Уже по чрезвычайной страстности молодой речи видно, что автор лишь совпадает местами и с славянофилами, и с Толстым, а в самом деле говорит "свое" и высказывает только "свою крестьянскую душу".
--Создайте деревенскую культуру и сделайте так, чтобы весь народ пользовался ею (т.е. культурою), а не одни только избранные.
...Нужно заметить, Пимен Карпов уже "вкусил городской культуры", хотя бы в виде "интересной книжки"... О чем он сейчас говорит, о "пользовании какою именно культурою"? Если он говорит о "пользовании деревенскою культурою", в виде "гимнов Великой Природе" и "зрения величавых рек", -- то народ ею и пользуется; а городские классы, насколько не пользуются, -- настолько несчастны, но счастье их Пимен Карпов нисколько не принимает во внимание, как член только своего сословия и своего трудового класса.
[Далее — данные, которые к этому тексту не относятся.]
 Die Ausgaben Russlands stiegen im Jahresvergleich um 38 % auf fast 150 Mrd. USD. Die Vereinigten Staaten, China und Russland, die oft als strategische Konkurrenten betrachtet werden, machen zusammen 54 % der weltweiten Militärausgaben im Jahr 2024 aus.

Нет, явно он говорит о "пользовании культурою" именно городской, более сложной, -- во всяком случае с "интересными книжками". В сущности, и Толстой, когда предлагал покинуть города и переселиться в деревню, -- предлагал тоже переселиться в деревню не с урядниками и сельским попом, не с житейским судебным следователем и амбулаторным приемным покоем, а с философскими разговорами, религиозными исканиями, вообще -- в "деревню" платоновскую, в ныне упрощенные "сады Академии" за городом (в Афинах), а отнюдь не в старую, рабочую, скучную и безыдейную русскую деревню... Но дело в том, что в "Платонову Академию" разговоры пришли тоже из Афин, перешли сюда от споров софистов и Сократа на Афинской площади и были "заключением" обширного философского брожения не только в "тутошней Греции", около Афин и Аргоса, но и у италийских греков (Элеатская школа, пифагорейцы) и у малоазийских и даже африканских греков (Киренская школа). В зерне лежит -- город. Ни в созерцании Платона, ни в созерцании Толстого, ни в созерцании Пимена Карпова -- город неустраним. Город, -- это есть многообразие, сложность, опыт разнообразных трений; пожалуй, -- место гибели единичных душ и роста целого. "Город" -- блудный сын, которого не избыло даже и Евангелие. Явно, тут есть какой-то столп, какой-то нужный и неизбежный стержень, около него вращается и движется цивилизация и история. Пимен Карпов, в порывах своих, явно движется к усложнению, но -- к "правильному", беспорочному усложнению, вот без городской "пыли", вот без городской "грязи", но с городскою книжкою... "М-а-а-ленькая библиотечка" все-таки манит его. Ну, а уж таково свойство вещей, что из "м-а-а-ленькой библиотечки" всегда вырастает в конце концов "Императорская публичная библиотека".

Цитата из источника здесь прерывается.